Are you a working class refugee hopelessly hooked on opioids? Astra Zeneca is here to help - not by building rehab facilities, of course, but by pushing an anti-constipation drug designed specifically for junkies like you. Of course, the actor who plays the junkie on TV doesn't look like an actual junkie. In fact he is very hot. He is not only hale and hearty, he wears a hard hat and appears to be the boss on a major construction site. So the subliminal message here is that it's not the Oxy or the heroin that's holding you back. Those drugs are good for you, build up your muscles better than steroids. Your main problem, dude, is your embarrassing inability to have a bowel movement. So get "unplugged" and dream the dream of a full-time job.  Maybe you can even hallucinate piloting a stealth bomber while you're sitting on the toilet. Oh, and always indulge your addiction responsibly.

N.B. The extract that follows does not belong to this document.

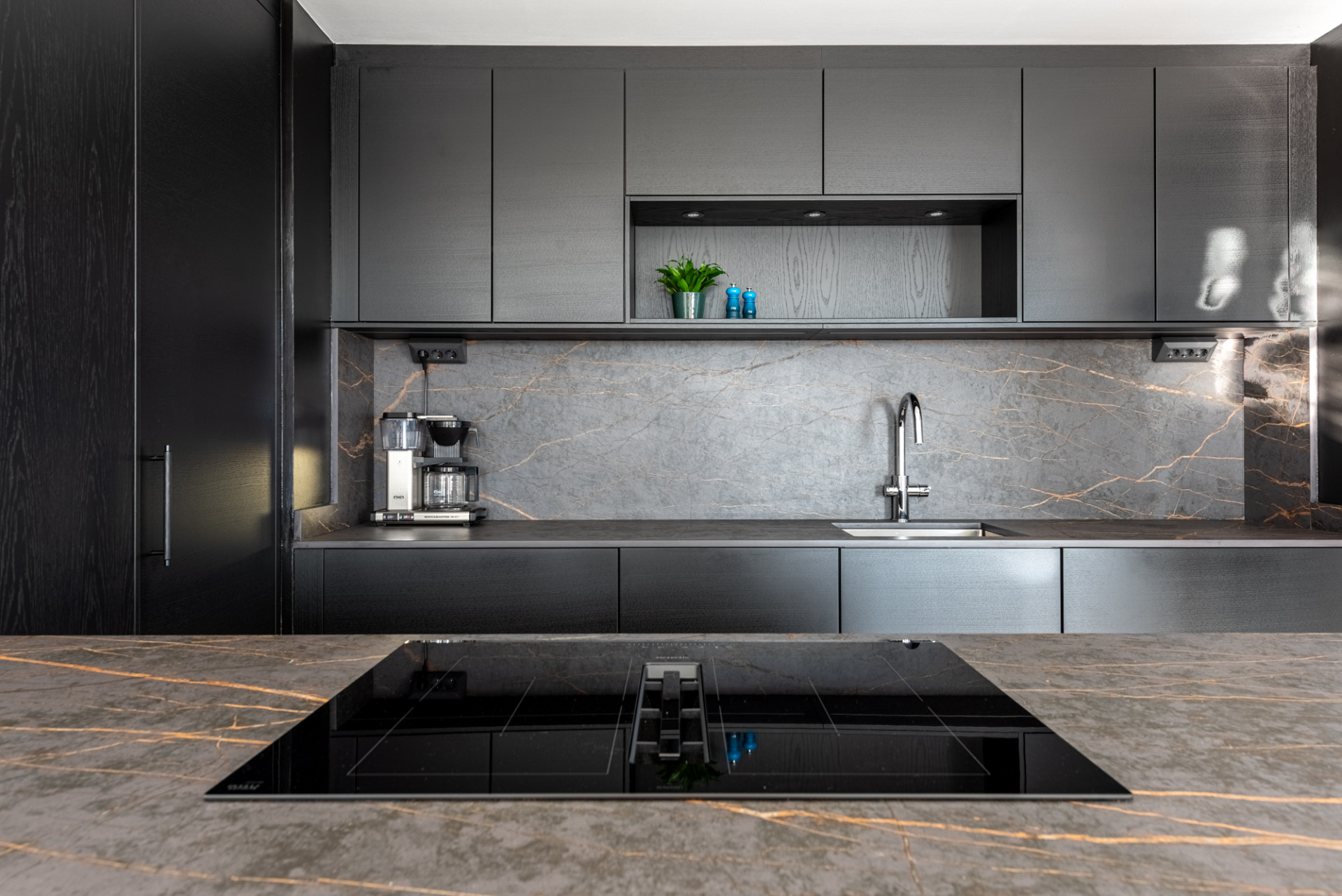 The open-plan kitchen and living area is designed in an elegant Scandinavian style, with clean lines, plenty of natural light, and a seamless flow between spaces – ideal for both relaxing and socializing. The Ballingslöv kitchen is equipped with high-quality Siemens appliances and features an integrated water filter that provides cold, still, and sparkling water.

Are you a black or brown person who fears that you will one day get shot during a routine traffic stop or sentenced to solitary confinement for possessing a small amount of dope? No need to block highways or stage sit-down strikes or meet with politicians. Instead, always have an ice cold can of Pepsi at the ready as the weapon of choice to render your oppressor harmless. Or better yet, allow white super-model Kendall Jenner to do the honors for you, with a Bob Marley imitator crooning in the background for some added social justice ambience. And the world will live in perfect harmony forever as people slurp their sugary drinks and develop diabetes... which might sadly go untreated because there is no universal health care in America. Maybe Astra Zeneca can help. Or maybe you can join the military and bomb other oppressed people in turbulent countries far, far away from America the Beautiful.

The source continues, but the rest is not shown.